**What needs to be done**. Pictures aside, output each record exactly.

**Data to process**.
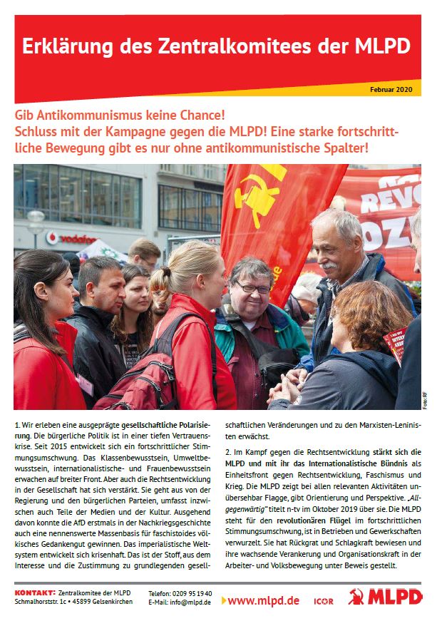 Vordergrundbild z.B. ein Screenshot des Flugblattes Hintergrundbild z.B. ein Foto 319 * 177 Pixel breit Text kurzer Anreißer z.B. "Erklärung des Zentralkomitees der MLPD: Aktiver Widerstand gegen imperialistische Kriegsvorbereitung!" Gib Antikommunismus keine Chance! Buttontext z.B. "Flugblatt lesen" Flugblatt lesen Buttonlink z.B. "2018/kw14/dieses-flugblatt-in-pdf-format-in-farbe" 2020/02/gib-antikommunismus-keine-chance_web.pdf Inhalte Dieser Ordner hat zur Zeit keinen Inhalt.
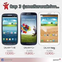 ถือเป็นธรรมเนียมไปแล้ว เมื่อมีการเปิดตัวอุปกรณ์รุ่นใหม่ออกมาเมื่อไหร่ รุ่นที่ออกมาก่อนหน้านี้ย่อมต้องมีการปรับเปลี่ยนราคา อย่างล่าสุดทาง Samsung ได้ประกาศเปิดตัวอุปกรณ์รุ่นใหม่ออกมา ทำให้อุปกรณ์รุ่นที่ออกมาก่อนหน้านี้ต่างเตรียมตัวปรับราคาลง ถือเป็นข่าวดีสำหรับคนที่กำลังมองหาอุปกรณ์เครื่องใหม่ ซึ่งทาง TG Fone และ Jay Mart ได้ออกมาประกาศลดราคา Samsung 3 รุ่น คือ Samsung Galaxy S4, Samsung Galaxy S3 และ Samsung Galaxy Note 8
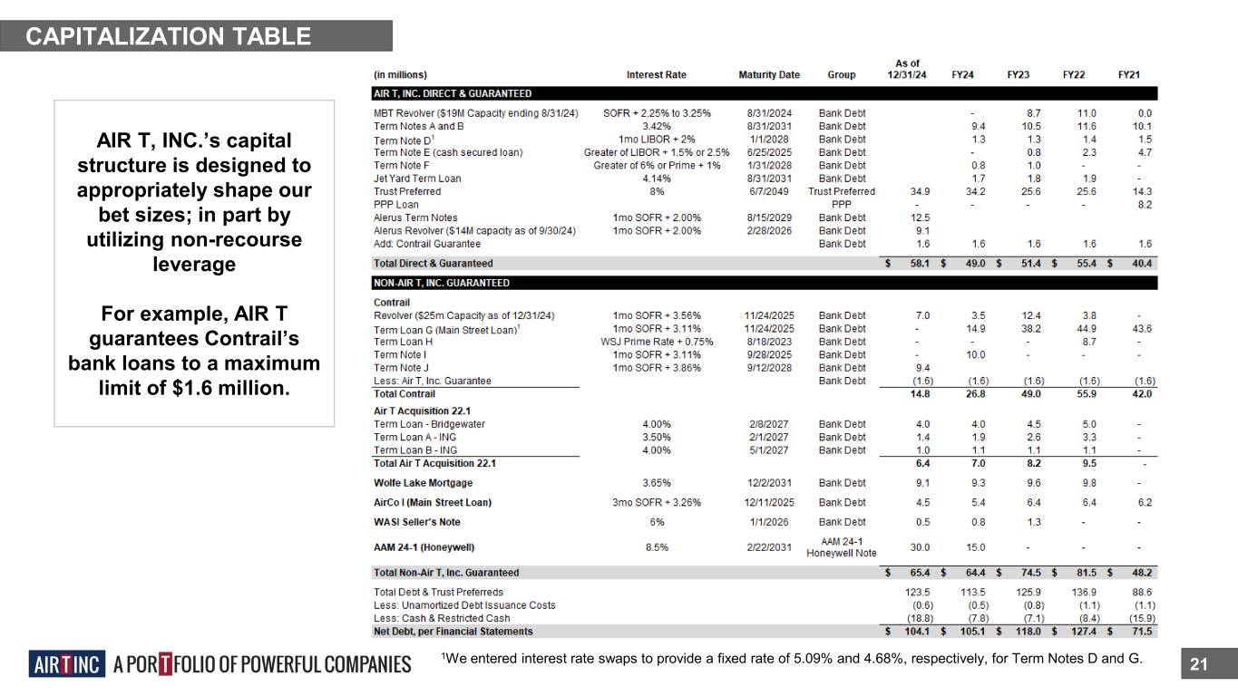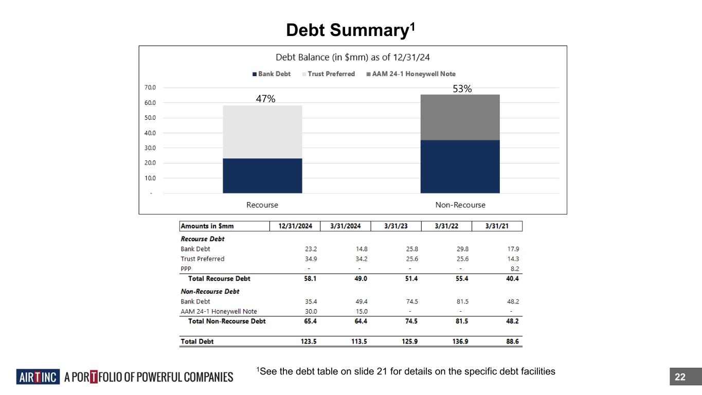 21 CAPITALIZATION TABLE AIR T, INC.’s capital structure is designed to appropriately shape our bet sizes; in part by utilizing non-recourse leverage For example, AIR T guarantees Contrail’s bank loans to a maximum limit of $1.6 million. 1We entered interest rate swaps to provide a fixed rate of 5.09% and 4.68%, respectively, for Term Notes D and G.
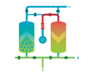 乾燥剤媒体は、乾燥または再生が必要になる前に水分を吸収する有限の能力を持っています。これを行うには、飽和乾燥剤媒体を含むタワーを減圧し、蓄積した水を追い出します。
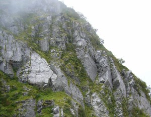 花崗岩には、マグマから冷却するとき収縮するために、節理という割れ目ができる。また、周りから力を受けて、節理ができることもある。 節理にそって水がしみこむようになると、凍結融解を繰り返すことによって、風化が進行する。すると、急傾斜地では、節理面ではがれて垂直な岩壁ができる。一方、稜線や尾根では、節理面が両側にはがれて岩塔ができる。 節理面の間隔も地形形成に大きな影響をもっているらしい。間隔が狭い地域では、風化が進行して緩傾斜地や鞍部をつくる。逆に、間隔が広いと、岩塔や岩壁が発達する。 |
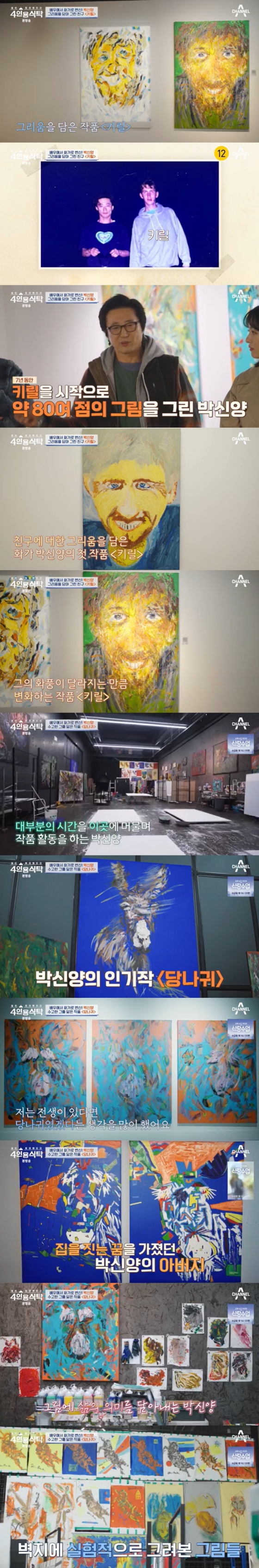 박신양은 러시아 유학 시절 만난 친구 키릴을 그리워하며 그림을 그리기도. 그는 "3년 동안 80점을 그렸다"라고 밝혔다. 박신양은 '당나귀' 그림을 보여주며 "저는 전생이 있다면 당나귀였겠다는 생각을 많이 했다. 의미 있는 짐, 가치 있는 짐이 뭔지를 생각하는 자신을 보면서 그런 생각을 했다"며 "아버지가 집을 짓는 꿈을 오랫동안 꾸셨다. 무가치한 꿈을 수 있지만 아버지를 지탱한 꿈이었다"라고 전했다.
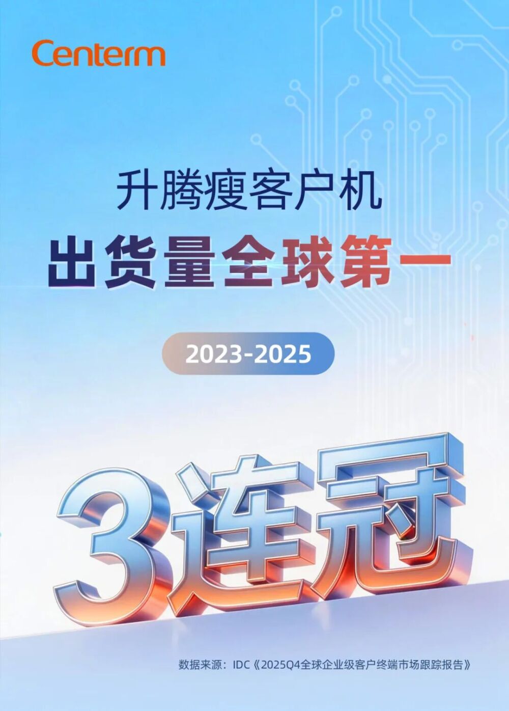 据国际数据公司IDC发布的《2025Q4全球企业级客户终端市场跟踪报告》显示,2025年度,升腾瘦客户机全球出货量强势领跑,出货量超78.99万台,连续十四年亚太(包含中国和日本)瘦客户机市场出货量第一,再度登顶全球第一!自2023年至2025年,这是升腾连续三年稳居该赛道榜首,成功实现全球“三连冠”!

**Solved exercise**.
 Vordergrundbild z.B. ein Screenshot des Flugblattes Hintergrundbild z.B. ein Foto 319 * 177 Pixel breit Text kurzer Anreißer z.B. "Erklärung des Zentralkomitees der MLPD: Aktiver Widerstand gegen imperialistische Kriegsvorbereitung!" Gib Antikommunismus keine Chance! Buttontext z.B. "Flugblatt lesen" Flugblatt lesen Buttonlink z.B. "2018/kw14/dieses-flugblatt-in-pdf-format-in-farbe" 2020/02/gib-antikommunismus-keine-chance_web.pdf Inhalte Dieser Ordner hat zur Zeit keinen Inhalt.
 ถือเป็นธรรมเนียมไปแล้ว เมื่อมีการเปิดตัวอุปกรณ์รุ่นใหม่ออกมาเมื่อไหร่ รุ่นที่ออกมาก่อนหน้านี้ย่อมต้องมีการปรับเปลี่ยนราคา อย่างล่าสุดทาง Samsung ได้ประกาศเปิดตัวอุปกรณ์รุ่นใหม่ออกมา ทำให้อุปกรณ์รุ่นที่ออกมาก่อนหน้านี้ต่างเตรียมตัวปรับราคาลง ถือเป็นข่าวดีสำหรับคนที่กำลังมองหาอุปกรณ์เครื่องใหม่ ซึ่งทาง TG Fone และ Jay Mart ได้ออกมาประกาศลดราคา Samsung 3 รุ่น คือ Samsung Galaxy S4, Samsung Galaxy S3 และ Samsung Galaxy Note 8
 21 CAPITALIZATION TABLE AIR T, INC.’s capital structure is designed to appropriately shape our bet sizes; in part by utilizing non-recourse leverage For example, AIR T guarantees Contrail’s bank loans to a maximum limit of $1.6 million. 1We entered interest rate swaps to provide a fixed rate of 5.09% and 4.68%, respectively, for Term Notes D and G.
 乾燥剤媒体は、乾燥または再生が必要になる前に水分を吸収する有限の能力を持っています。これを行うには、飽和乾燥剤媒体を含むタワーを減圧し、蓄積した水を追い出します。
 花崗岩には、マグマから冷却するとき収縮するために、節理という割れ目ができる。また、周りから力を受けて、節理ができることもある。 節理にそって水がしみこむようになると、凍結融解を繰り返すことによって、風化が進行する。すると、急傾斜地では、節理面ではがれて垂直な岩壁ができる。一方、稜線や尾根では、節理面が両側にはがれて岩塔ができる。 節理面の間隔も地形形成に大きな影響をもっているらしい。間隔が狭い地域では、風化が進行して緩傾斜地や鞍部をつくる。逆に、間隔が広いと、岩塔や岩壁が発達する。 |
 박신양은 러시아 유학 시절 만난 친구 키릴을 그리워하며 그림을 그리기도. 그는 "3년 동안 80점을 그렸다"라고 밝혔다. 박신양은 '당나귀' 그림을 보여주며 "저는 전생이 있다면 당나귀였겠다는 생각을 많이 했다. 의미 있는 짐, 가치 있는 짐이 뭔지를 생각하는 자신을 보면서 그런 생각을 했다"며 "아버지가 집을 짓는 꿈을 오랫동안 꾸셨다. 무가치한 꿈을 수 있지만 아버지를 지탱한 꿈이었다"라고 전했다.
 据国际数据公司IDC发布的《2025Q4全球企业级客户终端市场跟踪报告》显示,2025年度,升腾瘦客户机全球出货量强势领跑,出货量超78.99万台,连续十四年亚太(包含中国和日本)瘦客户机市场出货量第一,再度登顶全球第一!自2023年至2025年,这是升腾连续三年稳居该赛道榜首,成功实现全球“三连冠”!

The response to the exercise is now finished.